Headscale should store endpoint information in the database
Peers should receive each other's endpoint lists in the network map (Addrs field populated)
Direct connections should be established when possible (especially on same subnet)
DERP relay should only be used as fallback when direct connection fails

Steps To Reproduce

Steps To Reproduce

Install Headscale v0.27.0 on Ubuntu 24.04
Configure with the following relevant settings:

yamlserver_url: https://headscale1.jbtech.me
randomize_client_port: true
derp:
  server:
    enabled: true
    region_id: 999
    stun_listen_addr: "0.0.0.0:3478"
  urls:
    - https://controlplane.tailscale.com/derpmap/default
policy:
  mode: file
  path: /etc/headscale/policy.json

Create ACL policy allowing all communication:

{
  "acls": [
    {
      "action": "accept",
      "src": ["*"],
      "dst": ["*:*"]
    }
  ]
}

Register two Windows nodes on the same subnet (Tailscale v1.90.4):

tailscale up --login-server=https://headscale1.jbtech.me --authkey=<preauth-key>

Verify nodes see each other:

tailscale status
100.64.0.1  jump       jbtech@        windows  -
100.64.0.2  dennis-pc  williamellis@  windows  active; relay "ord"
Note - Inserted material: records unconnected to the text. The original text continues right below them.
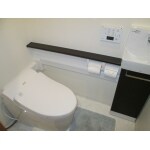 節水で省エネなタンクレストイレ。デザインも美しいトイレです。
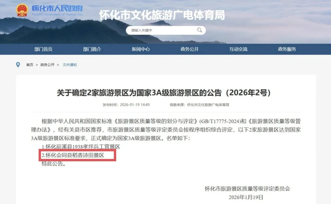 湖南日报·新湖南客户端1月20日讯(记者 周紫云 通讯员 林思如)1月19日,怀化市旅游景区质量等级评定委员会发布公告,会同县堡子镇稻香诗田景区被正式确定为国家3A级旅游景区。这标志着会同县在推动文旅融合、赋能乡村振兴方面取得又一重要成果,也为当地乡村旅游发展揭开了新篇章。
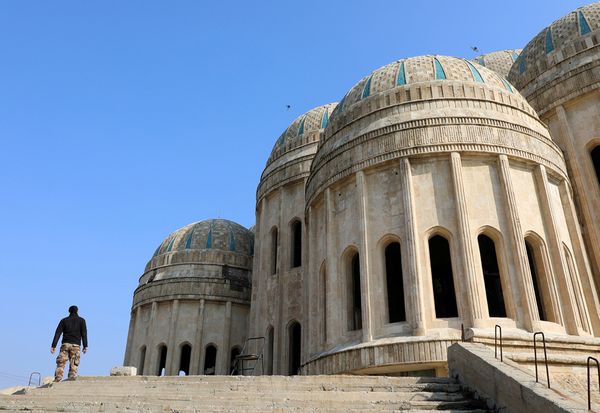 Las elegantes columnas de mármol de una iglesia de Mosul se convirtieron en soporte propagandístico del grupo Estado Islámico, que usó el edificio como sede de la policía religiosa. Ni rastro de crucifijos, ni de imágenes de la virgen.

Check Headscale database for endpoints:

sudo headscale nodes list --output json | jq '.[] | {name: .name, endpoints: .endpoints}'
# Shows "endpoints": null for both nodes

Check client JSON status:

tailscale status --json | Out-File status.json
# Shows Peer.Addrs = null despite Self.Addrs being populated

Environment

  • OS: Ubuntu 24.04 LTS (Headscale server), Windows 11 (clients)
  • Headscale version: v0.27.0
  • Tailscale client version: 1.90.4-t0d7298602-g1c96c3ed9
  • Network topology: Both clients on same physical subnet (192.168.60.0/24)

Runtime environment

  • Headscale is behind a (reverse) proxy
  • Headscale runs in a container

Debug information

Additional Context
This appears to be a regression - we have a production Tailscale network (official coordination server) with 60+ nodes that establishes direct connections correctly after applying randomizeClientPort: true to the ACL policy. The same configuration applied to Headscale does not propagate endpoints.

Comparison:

  • Production Tailscale: Direct connections work, Peer.Addrs populated with endpoint list
  • Headscale v0.27.0: All DERP relay, Peer.Addrs = null, database shows endpoints: null

No endpoint updates in logs:

sudo journalctl -u headscale --since "5 minutes ago" | grep -i "endpoint"
# No output - endpoints not being received/stored

Logs show nodes connecting successfully:

2025-10-31T20:42:24-04:00 INF Node connected node.id=3 node.name=jump
2025-10-31T20:42:24-04:00 INF Node connected node.id=4 node.name=dennis-pc

This bug effectively breaks peer-to-peer connectivity and forces all traffic through DERP relays, significantly degrading performance (30ms+ latency instead of <5ms for same-subnet connections).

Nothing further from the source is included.